• _ACTIVITY_: Within the entries below, output exactly the lines between the line containing "지난 몇 년 동안 AI" and the line containing "Джим лежит врастяжку", inclusive, and omit any picture.

• _DATASET CONTENT_:
:::

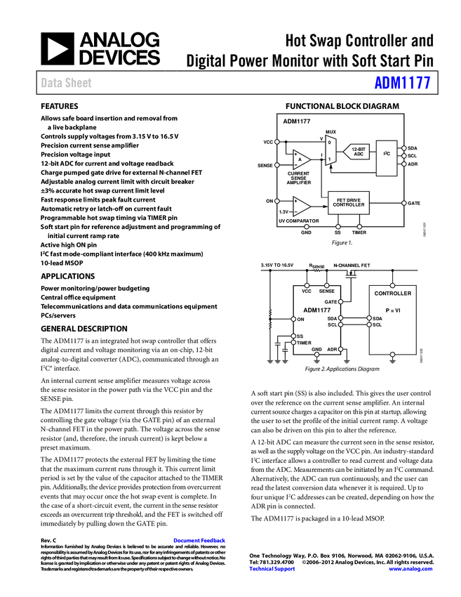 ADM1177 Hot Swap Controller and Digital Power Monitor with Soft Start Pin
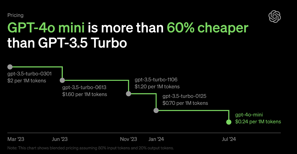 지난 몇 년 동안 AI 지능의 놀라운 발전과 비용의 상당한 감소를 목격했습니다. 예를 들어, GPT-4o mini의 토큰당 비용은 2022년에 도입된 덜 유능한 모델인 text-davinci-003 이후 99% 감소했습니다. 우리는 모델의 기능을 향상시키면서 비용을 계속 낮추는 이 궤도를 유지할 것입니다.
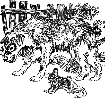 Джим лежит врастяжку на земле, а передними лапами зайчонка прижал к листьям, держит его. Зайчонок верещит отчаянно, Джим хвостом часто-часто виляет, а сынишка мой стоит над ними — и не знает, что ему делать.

:::

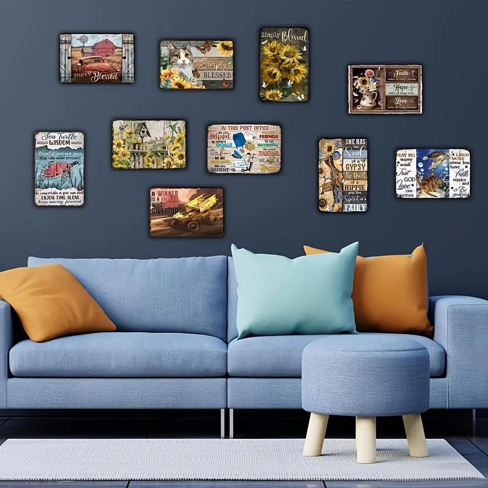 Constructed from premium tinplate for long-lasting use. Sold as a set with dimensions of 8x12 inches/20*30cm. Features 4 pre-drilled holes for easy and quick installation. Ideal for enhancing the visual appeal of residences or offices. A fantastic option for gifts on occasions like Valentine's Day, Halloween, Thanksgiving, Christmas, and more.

:::

• _PROBLEM SOLUTION_:
 지난 몇 년 동안 AI 지능의 놀라운 발전과 비용의 상당한 감소를 목격했습니다. 예를 들어, GPT-4o mini의 토큰당 비용은 2022년에 도입된 덜 유능한 모델인 text-davinci-003 이후 99% 감소했습니다. 우리는 모델의 기능을 향상시키면서 비용을 계속 낮추는 이 궤도를 유지할 것입니다.
 Джим лежит врастяжку на земле, а передними лапами зайчонка прижал к листьям, держит его. Зайчонок верещит отчаянно, Джим хвостом часто-часто виляет, а сынишка мой стоит над ними — и не знает, что ему делать.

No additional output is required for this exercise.